The trend towards formalising mediation appears to be nascent among other jurisdictions yet to make the leap: in Scotland there is a push for mediation protocols to be drawn up by the Scottish government as the value of mediation and its cost effectiveness become more apparent. In Hong Kong there is widespread hope among practitioners that the new chief executive Carrie Lam will build on the 2009 Civil Justice Reform and push mediation to the fore as a dispute resolution tool enshrined within the legal system.
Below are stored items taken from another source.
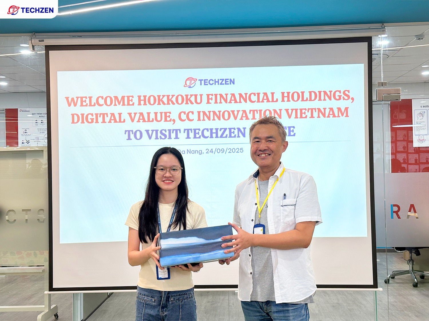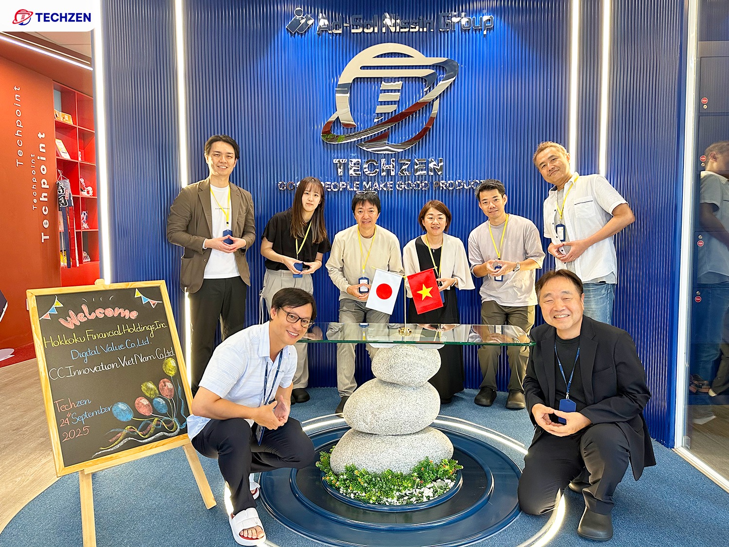 2025年9月24日、Techzenは北國フィナンシャルホールディングス、デジタルバリュー、CCイノベーションベトナムの特別な来訪を迎えた。来訪者一行はTechzenオフィスを訪れ、Techzenerとの交流を通じて有意義な会話とつながりのひとときを過ごした。和やかな雰囲気の中で行われた今回の訪問は、今後の関係深化に向けた貴重な機会となった。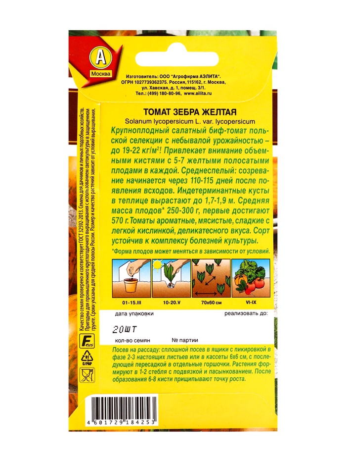 Крупноплодный, салатный биф-томат польской селекции с небывалой урожайностью – до 19-22 кг/м2! Привлекает внимание объемными кистями с 5-7 желтыми полосатыми плодами в каждой. Среднеспелый: созревание начинается через 110-115 дней после появления всходов. Индетерминантные кусты в теплице вырастают до 1,7-1,9 м. Средняя масса плодов 250-300 г, первые достигают 570 г. Томаты ароматные, мясистые, сладкие с легкой кислинкой, деликатесного вкуса. Сорт устойчив к комплексу болезней культуры.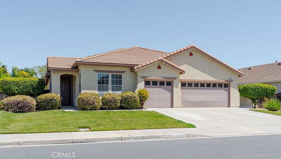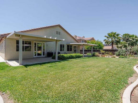 Beautiful TURNKEY single story home move in ready located in French Valley! This floorplan boasts 2733 square feet, 4 bedrooms, 3 full bathrooms, and a 3-car garage. The home was just painted on the inside and features upgraded baseboards, and mouldings. New wood flooring and two new A/C units were installed a few years ago. The kitchen is open to the large family room so cooking doesn't separate you from everyone else while you are cooking. The refrigerator is included with the home. The family room has a fireplace for great ambiance on those chilly nights. The oversized master features a retreat room which could easily be used as an office or workout room. There is a French door off the master which opens to the covered backyard patio. The yard has mature landscaping, lots of roses and has two alumiwood patio covers. Plenty of room for a pool in this yard if you want to add one! All bedrooms have ceiling fans. There is solar on the house, buyer must be willing to assume the lease. The laundry room is off the garage and has a nice sink, and counter space. Electronic doorbell and door camera stay with the home. This is a great neighborhood, and is within walking distance to Sheffield park, and French Valley Elementary. Close to shopping and Temecula wineries! Home sweet home awaits you on Renoir Road.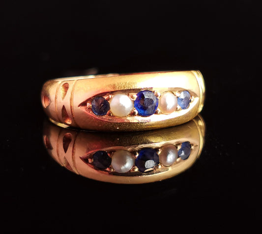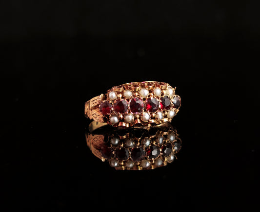 Victorian Garnet and Pearl ring, 15ct gold, engraved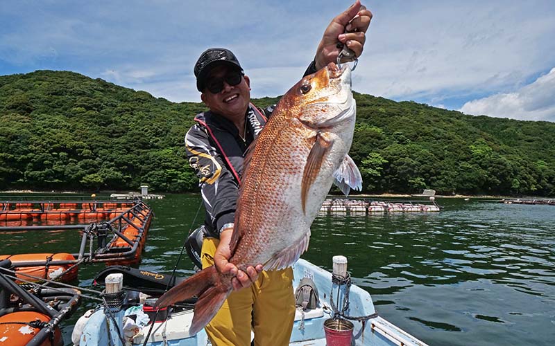朝の一投目で5.6㎏のマダイが来てくれました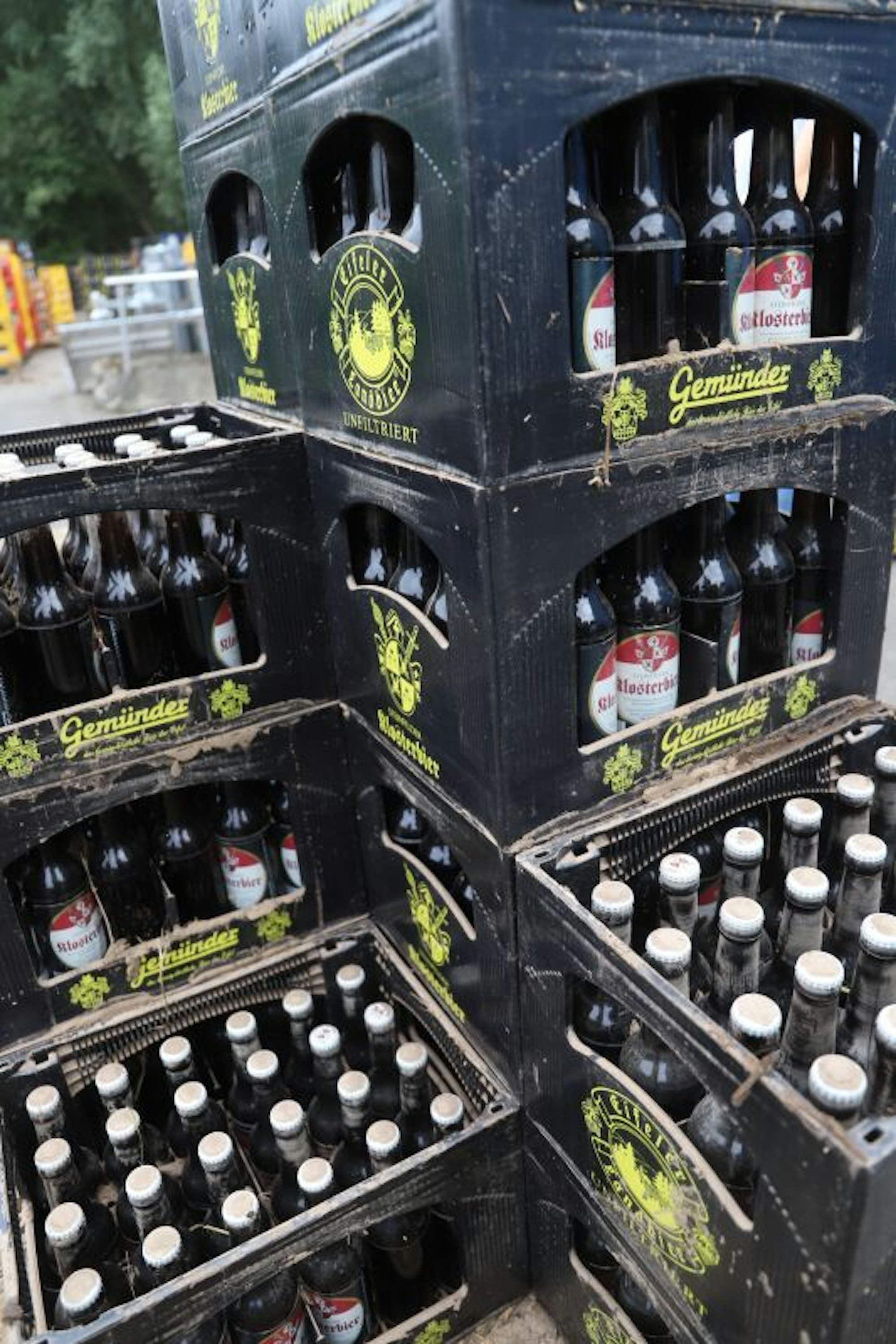 Die Bierkästen zeigen noch deutliche Spuren der Flut.

The big unknowns in the formalisation question are the other two international centres for mediation: the UK and the US. With calls for more formal protocols for mediation coming from Scottish practitioners, and the rising costs of court proceedings allied to pressure on court systems in England, Wales and the US, formalisation seems to loom large over these jurisdictions. EU Directive 2008/54/EC (the Mediation Directive) does apply to the UK for now, but falls short of the steps taken by Singapore and Ireland. Furthermore, with Brexit on the way it seems that mediation faces a period of legislative uncertainty. With two models in Ireland and Singapore to look to, these two jurisdictions have the opportunity to formalise mediation and simultaneously solve the issue of enforcement regarding mediation settlements. However, there is some trepidation among practitioners in Hong Kong that mediation will also go the way of arbitration in that jurisdiction, where it is “very formalised” to the point of being restrictive. Going forward, legislative efforts to formalise mediation must be wary of removing the flexible nature of mediation proceedings and their settlements, as this is one of the benefits of the mechanism that people seek.

The popularity and development of mediation around the world continues to vary from jurisdiction to jurisdiction. In some countries where it has been long established, mediation has been formalised thus crystallising its position as an effective dispute resolution mechanism. In other international commercial hubs such as the UK, the US, and Hong Kong, mediation has further entrenched itself as an ADR tool and remains a popular form of resolving commercial disputes. However in some European and South East Asian countries, the efficacy of mediation is still weighed down by scepticism from legal practitioners and clients alike. Going forward, it will be interesting to observe where mediation makes its next breakthrough, and whether the international hubs of the US, the UK and Hong Kong will follow in the footsteps of Singapore and Ireland.